Комок все такой же живой и черный, и даже кажется, что с боков у него появилось еще несколько ртов, чтобы кусать притихшие игрушки.
От мысли, что злую тучку нельзя взорвать пластмассовой гранатой, мальчику стало не по себе. Он схватил лежащий на полу портфель и побежал в прихожую.
Дрожащие пальцы вставили в замок ключ, повернули его против часовой стрелки.
Быстрее, быстрее! В коридор.
Дверь за мальчиком захлопнулась.
Я знал, что с другой стороны металлической щеколды он тяжело дышит и борется с желанием посмотреть в замочную скважину.

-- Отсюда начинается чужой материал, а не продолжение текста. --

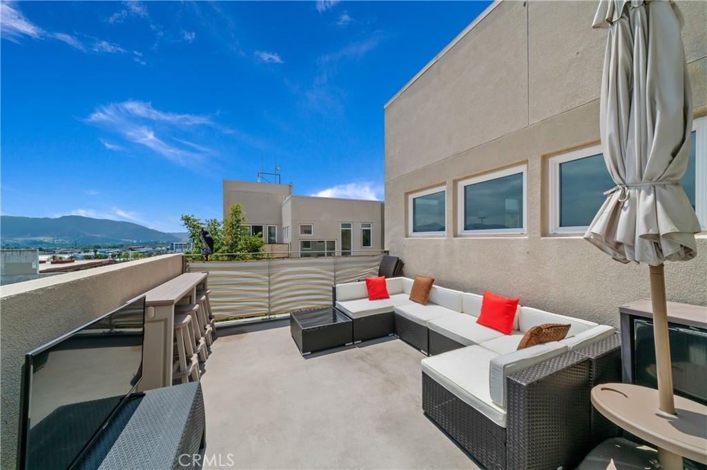 LOCATION! LOCATION! Your luxurious PENTHOUSE is ready and located in the heart of downtown Burbank. You will love this new lifestyle being on the top floor of this modern 2 level condo/penthouse and seconds away from entertainment with enjoyment of private peace and quiet that collides with so much opportunity. Enter into this magnificent resort that boasts soaring high ceilings, plenty of windows allowing for a ton of natural light. This 3 bedroom 3 bathroom is an exceptionally private residence in immaculate condition. The gourmet kitchen is sure to bring out the chef in you with granite counters, stainless steel appliances, plenty of counter space, and large center island that is open to formal dining/living room. There are sliding door that allow access to one of the balconies. There is main floor bedroom with a full bath and upstairs are two good sized bedrooms, with another 2 full bathrooms with granite countertops. One of the bedrooms gives access to another oversized balcony with impeccable views. Top notch amenities include a sparkling outdoor pool, clubhouse with billiard table, bocce ball court, putting green, BBQ, fire pit, and gym. Right across from AMC Plaza with outdoor concerts, art, and food festivals, movie theaters, restaurants, shopping, and so much more. If you need extra storage you will love the 2 car garage, and extra storage space in your additional parking area. Make your appointment today! This rare find will not last long!!!
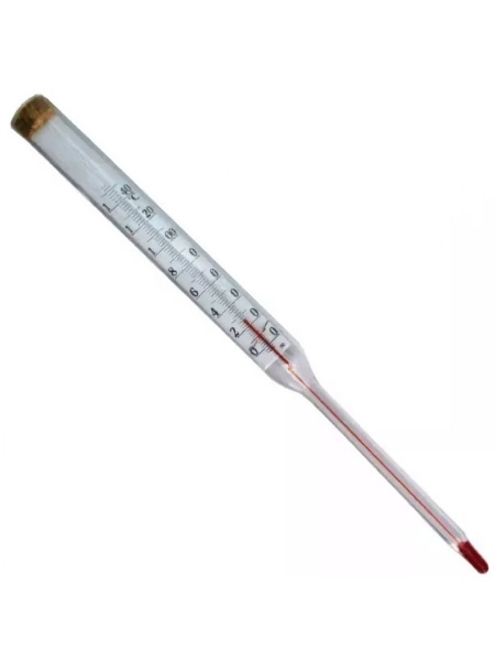 Стеклянный термометр с вложенной шкальной пластиной.

Он боится, потому что там, по полу, к нему ползет черный комок бумаги с торчащей из пасти крокодильей ногой.
«Убить…»
Замок щелкнул, и я услышал удаляющиеся торопливые шаги.

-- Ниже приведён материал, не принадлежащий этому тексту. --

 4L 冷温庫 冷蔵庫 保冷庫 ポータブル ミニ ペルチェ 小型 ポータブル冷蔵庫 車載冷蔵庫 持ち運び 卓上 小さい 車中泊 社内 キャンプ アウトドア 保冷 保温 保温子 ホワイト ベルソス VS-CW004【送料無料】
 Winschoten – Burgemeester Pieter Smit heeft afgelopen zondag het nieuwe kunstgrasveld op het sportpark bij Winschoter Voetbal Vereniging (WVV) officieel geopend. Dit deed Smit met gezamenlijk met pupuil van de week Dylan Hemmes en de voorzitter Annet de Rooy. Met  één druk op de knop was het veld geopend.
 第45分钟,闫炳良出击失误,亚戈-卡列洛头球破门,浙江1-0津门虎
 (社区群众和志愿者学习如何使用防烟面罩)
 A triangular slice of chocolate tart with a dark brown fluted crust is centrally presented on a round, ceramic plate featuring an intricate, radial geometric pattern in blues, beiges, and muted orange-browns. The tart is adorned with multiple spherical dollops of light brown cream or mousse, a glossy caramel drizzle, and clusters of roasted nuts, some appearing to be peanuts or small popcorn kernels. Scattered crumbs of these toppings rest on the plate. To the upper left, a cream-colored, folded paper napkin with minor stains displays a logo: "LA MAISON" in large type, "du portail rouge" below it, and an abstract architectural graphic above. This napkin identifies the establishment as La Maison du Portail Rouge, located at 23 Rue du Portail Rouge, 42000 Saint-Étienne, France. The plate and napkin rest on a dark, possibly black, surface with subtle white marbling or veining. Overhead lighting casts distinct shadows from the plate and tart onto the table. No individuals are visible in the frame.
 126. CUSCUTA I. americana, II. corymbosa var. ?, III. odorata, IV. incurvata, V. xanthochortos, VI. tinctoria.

Из нависшей черноты спустился длинный липкий язык. Он слизнул пластмассовую руку и потащил ее в черную пасть.
* * *
– Ань, прошу тебя… – Мужчина выкинул в пакет с мусором цоколь сломанной лампочки и повернулся к женщине. – Я разговаривал с соседями. Они рассказывают страшные вещи. Говорят, до тебя здесь жила нехорошая семья. Колотили своего ребенка. Так, что по ночам тяжело было заснуть. А несколько дней назад крики прекратились, и они после этого съехали. Черт, да его же могли убить! Я не хочу, чтобы вы здесь оставались. Милая, да посмотри на Сережку, он от страха даже в комнату боится зайти.
Мальчик стискивал пальцами юбку женщины и смотрел в окно. Там, в небе, огромными свинцовыми дирижаблями плыли облака, такие молчаливые и равнодушные, будто на свете не было ни его, ни мамы с папой, ни живущего в комнате кошмара.
– Злая тучка съела руку…
– Какую руку?
– У солдата.
Женщина выдвинула из-под кухонного стола старый деревянный стул и тяжело опустилась на него.

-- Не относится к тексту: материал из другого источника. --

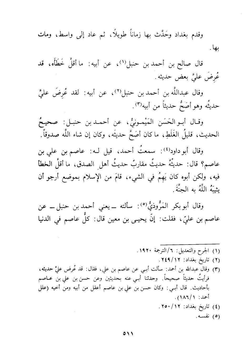 (3) وَقَال عَبد اللَّهِ بْن أحمد: سَأَلتُ أبي عن عاصم بن علي، فقال: قد عرض علي حديثه، فرأيت حديثًا صحيحا. وحَدَّثَنَا أبي عنه بحديثين وعن حسن بن علي بن عاصم بأحاديث. قال أبي: وكان حسن بن علي بن عاصم أعقل من ابيه ومن أخيه (علل أحمد: 1 / 186) .
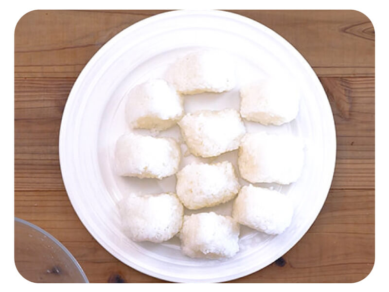 (3)炊き立てご飯を5等分にして、丸く握る。
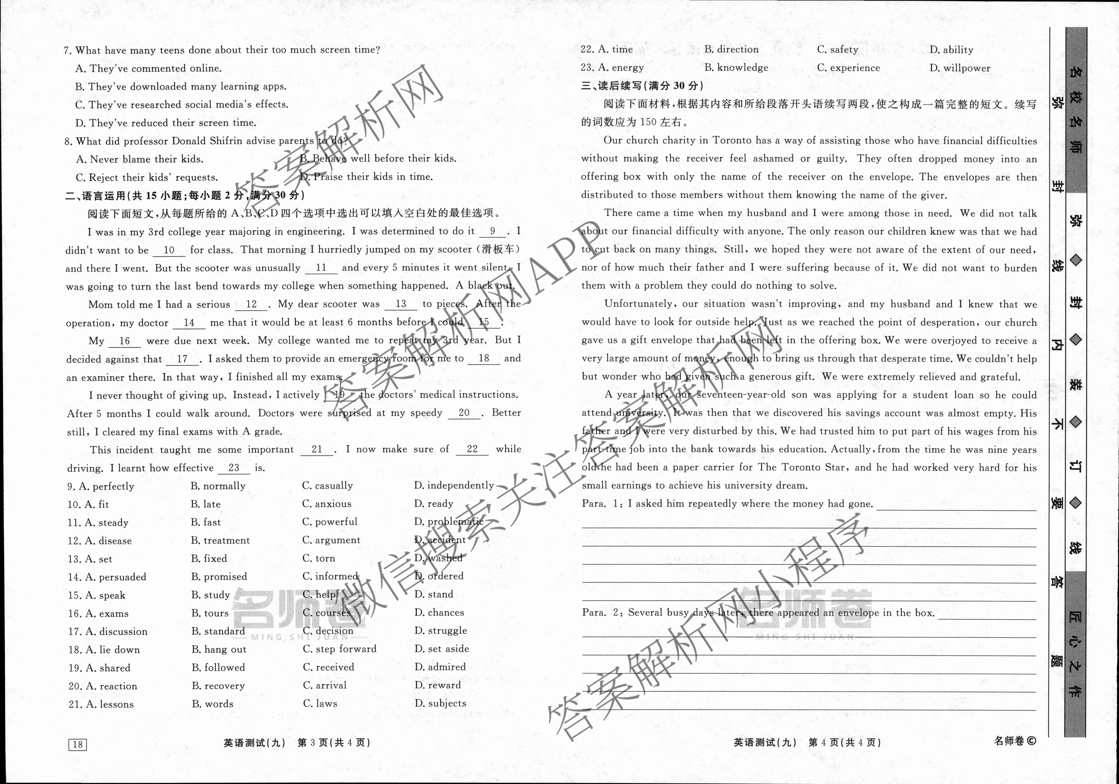 衡水名师卷2023-2024学年度高三一轮复习考点测试卷英语(40分钟实心菱形)(九)9试题
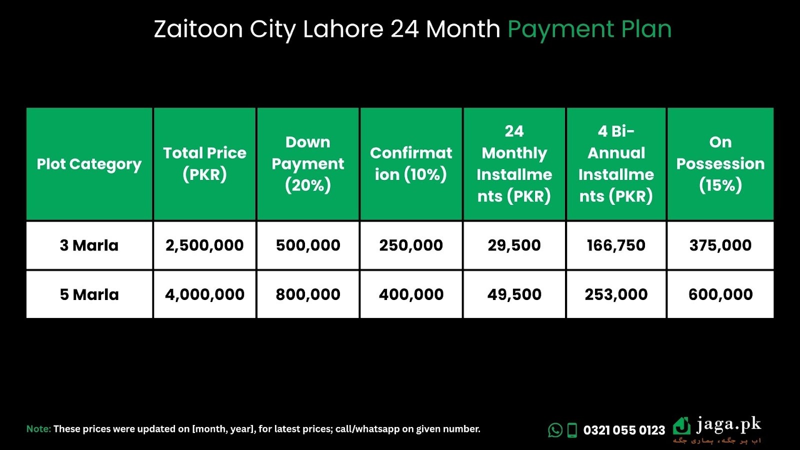 Zaitoon City Lahore Residential Plot Payment Plan (24-Month Installment Plan)
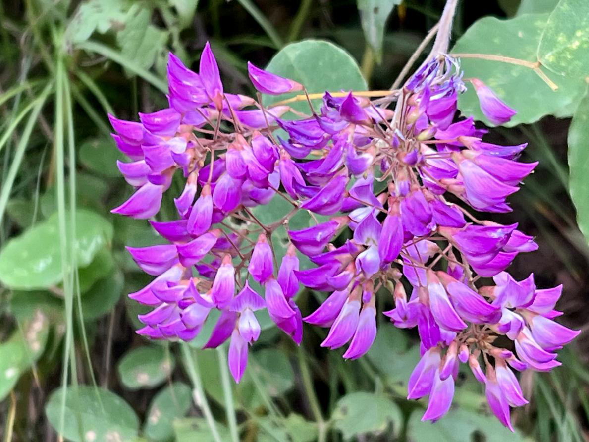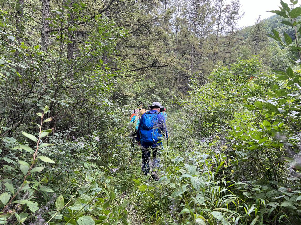 今天的天气不错,多云,预报中的小雨并未到来,使得我们如愿走了山野穿越的线路。这条线路非常的原始,一人宽的小路在山中蜿蜒,脚下经常是松软的落叶,由于落叶下的路并不平整,走起来深一脚浅一脚,使得一群滴酒未沾的人竟然走出了醉酒后的感觉。整条小路淹没在绿色之中,一群人在天然氧吧中行走,路边各种野花盛开,心情甚是愉悦。整条小路难度并不很大,只有在下山路上有一块大石头堵住了去路,只能从石边慢慢下移,由于此处坡度陡,且脚下泥土松软,造成了不小的难度,感谢广安门医院何龙老师,伸出了有力的援手,护送每一个人平安通过!

Ее ладони закрыли глаза, словно она решила сыграть в прятки. Только ей не хотелось, чтобы ее нашли.
Сидеть бы вот так вечно, укрывшись трескающимися от времени ладонями, и не думать о злых тучках и ползущих сквозь темноту осколках лампочек.
В глазах прилипшего к потолку существа плечи проволочной фигурки стали вздрагивать. Линии-волосы беззащитно ожидали, когда голодные отростки станут выдергивать их клочками, один за другим. Запустить дымчатые когти в окровавленную голову, ковырять ими оголившуюся кость и наслаждаться этим скрежетом.
А потом очередь за мальчиком.
Облако крепче уцепилось за бороздки потолка и всем телом стало опускаться вниз. Его бока раскрывались цветочными бутонами, внутри которых извивались маленькие острые язычки. Они мечтали прикоснуться к тонкой шее, порезать ее на полоски и утащить в распахнутые пасти, пережевывать, давить, рвать черными жадными лепестками.
Все что я мог – лишь наблюдать за этим и кричать: «Бегите! Бегите отсюда!»
Но моих криков никто не услышал. Молчание безответного одиночества заполняло кухню надвигавшейся бедой, и в нем тонули усталые проволочные фигурки, такие хрупкие и беспомощные.
– Почему я должна быть плохой? – едва слышно спросила женщина. – Что я сделала не так, скажи мне? Когда твоим пальцам больно, ты отдергиваешь руку А почему мне нельзя? Терпеть дальше… это жестоко, Саша.
Мужчина мягко сжал ее плечо и повернулся к мальчику:
– Сережа, иди в комнату.
– Но, папа, там же…
– Иди. В комнату.
Голос звучал грубо и устрашающе.
Мальчик отвернулся и затопал к зеву дверного проема. С каждым шагом проем становился все больше и больше, оборачиваясь горлом волшебной пещеры из сказок. Стоит сделать шаг через порог – и вход за ним закроется, спрячется в бетонных песках холодного города.
Папа просто так взял и отдал его злой тучке. Просто так. Взял и отдал.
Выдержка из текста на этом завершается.